§ **What you should do**:
Look below for the line that contains "铁锹、铁耙、锄头等各式农具齐" and the line that contains "Main idea worksheets are", then restate both of them and every line in between, exactly. No picture goes in the copy.

§ **Dataset**:
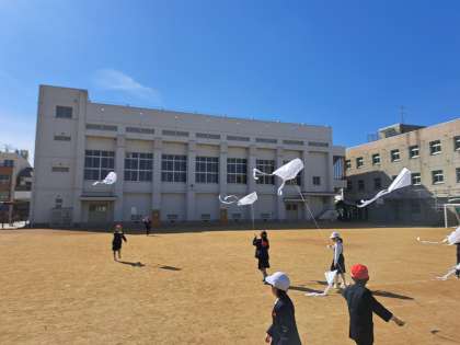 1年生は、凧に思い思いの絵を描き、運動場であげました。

--

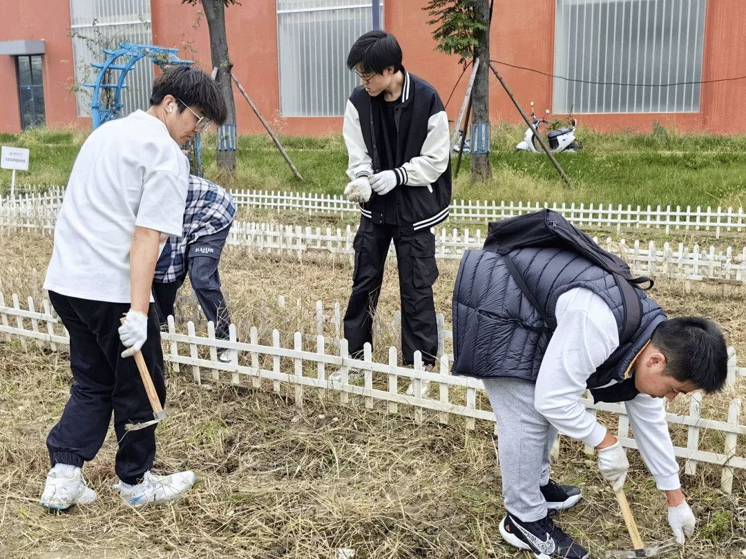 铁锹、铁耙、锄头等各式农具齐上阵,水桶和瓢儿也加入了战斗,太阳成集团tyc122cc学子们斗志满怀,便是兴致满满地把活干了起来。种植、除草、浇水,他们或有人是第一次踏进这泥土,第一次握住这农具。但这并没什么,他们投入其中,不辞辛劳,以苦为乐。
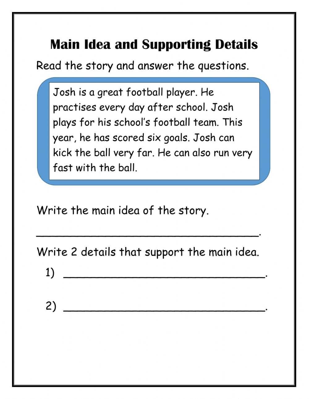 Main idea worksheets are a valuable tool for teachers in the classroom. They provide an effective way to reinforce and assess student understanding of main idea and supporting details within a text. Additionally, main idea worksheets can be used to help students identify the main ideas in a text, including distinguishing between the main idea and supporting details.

---

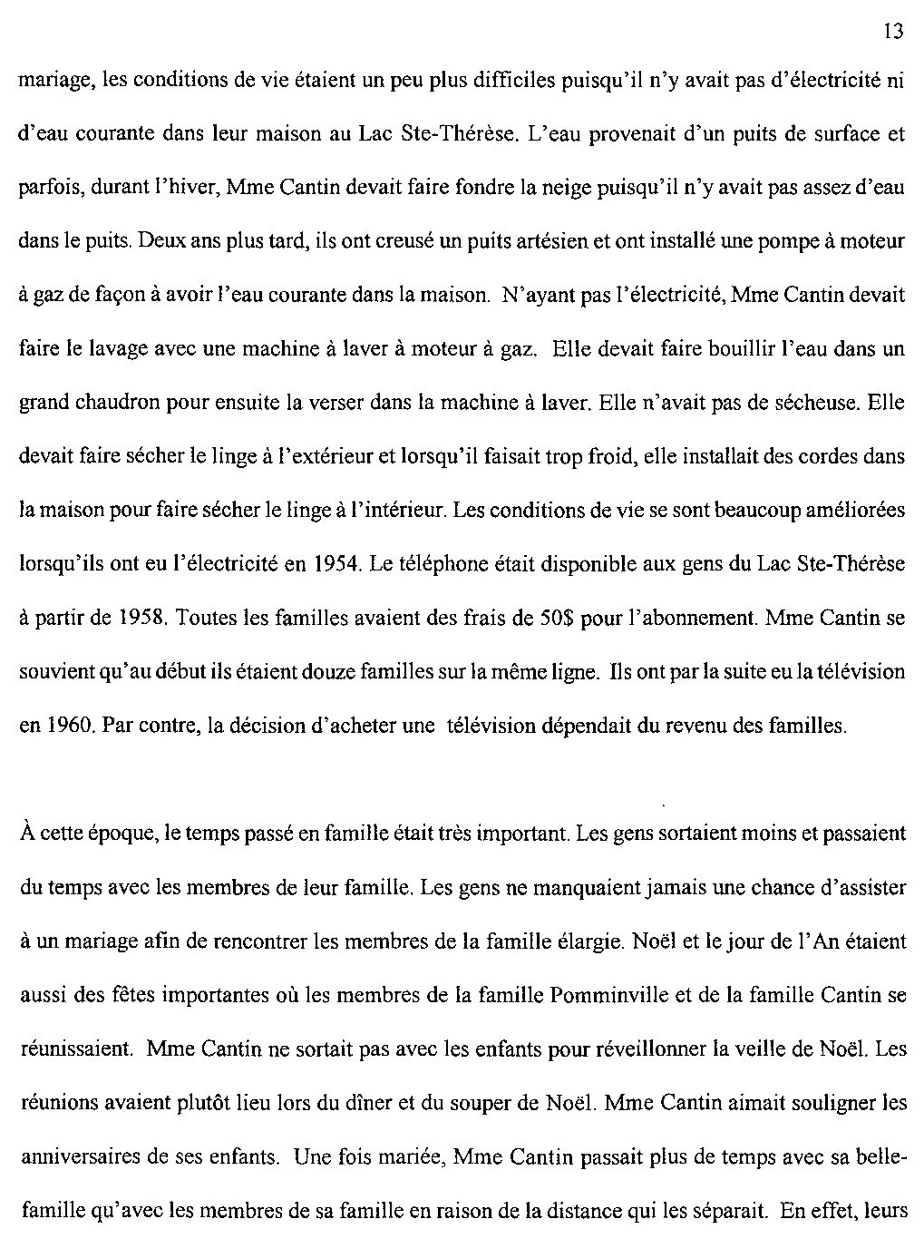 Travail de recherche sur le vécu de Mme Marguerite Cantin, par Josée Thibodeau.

§ **Answer to this problem**:
 铁锹、铁耙、锄头等各式农具齐上阵,水桶和瓢儿也加入了战斗,太阳成集团tyc122cc学子们斗志满怀,便是兴致满满地把活干了起来。种植、除草、浇水,他们或有人是第一次踏进这泥土,第一次握住这农具。但这并没什么,他们投入其中,不辞辛劳,以苦为乐。
 Main idea worksheets are a valuable tool for teachers in the classroom. They provide an effective way to reinforce and assess student understanding of main idea and supporting details within a text. Additionally, main idea worksheets can be used to help students identify the main ideas in a text, including distinguishing between the main idea and supporting details.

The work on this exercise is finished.